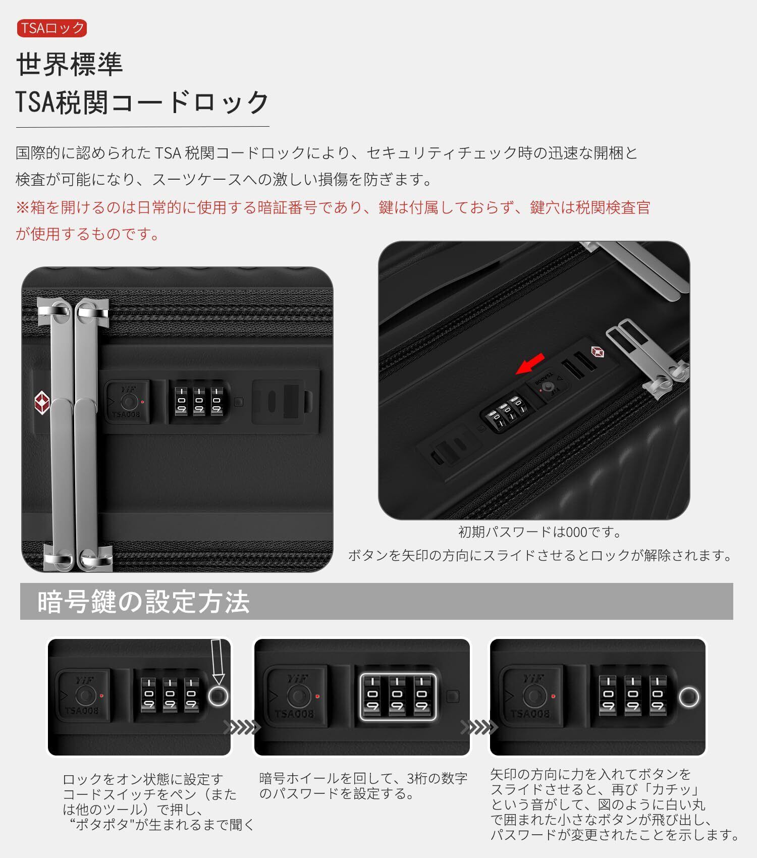 【丈夫かつ軽いPC素材&TSAダイヤル式ロック】表面素材は高耐衝撃性を持つPC(ポリカーボネート)を100%使用。高弾性で、変形しにくい。ABS素材を採用した市販品より頑丈で耐久性に優れ、ABS+PCスーツケースより軽量で持ち運びやすい。PC 素材は、現在市場で最も一般的に使用され人気のあるハードシェル ラゲッジであり、防水性、耐摩耗性、スタイリッシュさ、耐衝撃性、落下耐性を備えています。世界基準のTSAダイヤル式ロックが搭載されて、外出がより安全に。※鍵は航空会社検査専用のため本製品には付属しておりません。
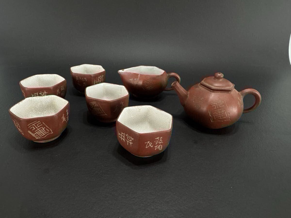 > a0451 呉徳盛製 朱泥 漢詩刻 宣興紫砂 刻印 内白釉 茶器セット 煎茶器揃 煎茶道具 急須 中国 唐物 珍品
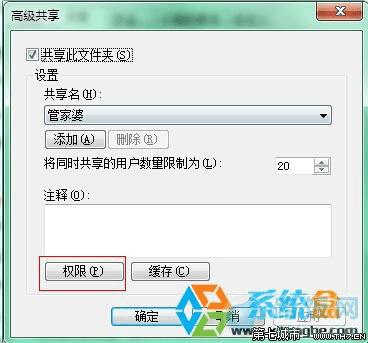 4、在弹出的高级共享设置页点击“权限”按钮;

Description of the task: The whole listing should be restated word for word, with no pictures.

Written solution:
 【丈夫かつ軽いPC素材&TSAダイヤル式ロック】表面素材は高耐衝撃性を持つPC(ポリカーボネート)を100%使用。高弾性で、変形しにくい。ABS素材を採用した市販品より頑丈で耐久性に優れ、ABS+PCスーツケースより軽量で持ち運びやすい。PC 素材は、現在市場で最も一般的に使用され人気のあるハードシェル ラゲッジであり、防水性、耐摩耗性、スタイリッシュさ、耐衝撃性、落下耐性を備えています。世界基準のTSAダイヤル式ロックが搭載されて、外出がより安全に。※鍵は航空会社検査専用のため本製品には付属しておりません。
 > a0451 呉徳盛製 朱泥 漢詩刻 宣興紫砂 刻印 内白釉 茶器セット 煎茶器揃 煎茶道具 急須 中国 唐物 珍品
 4、在弹出的高级共享设置页点击“权限”按钮;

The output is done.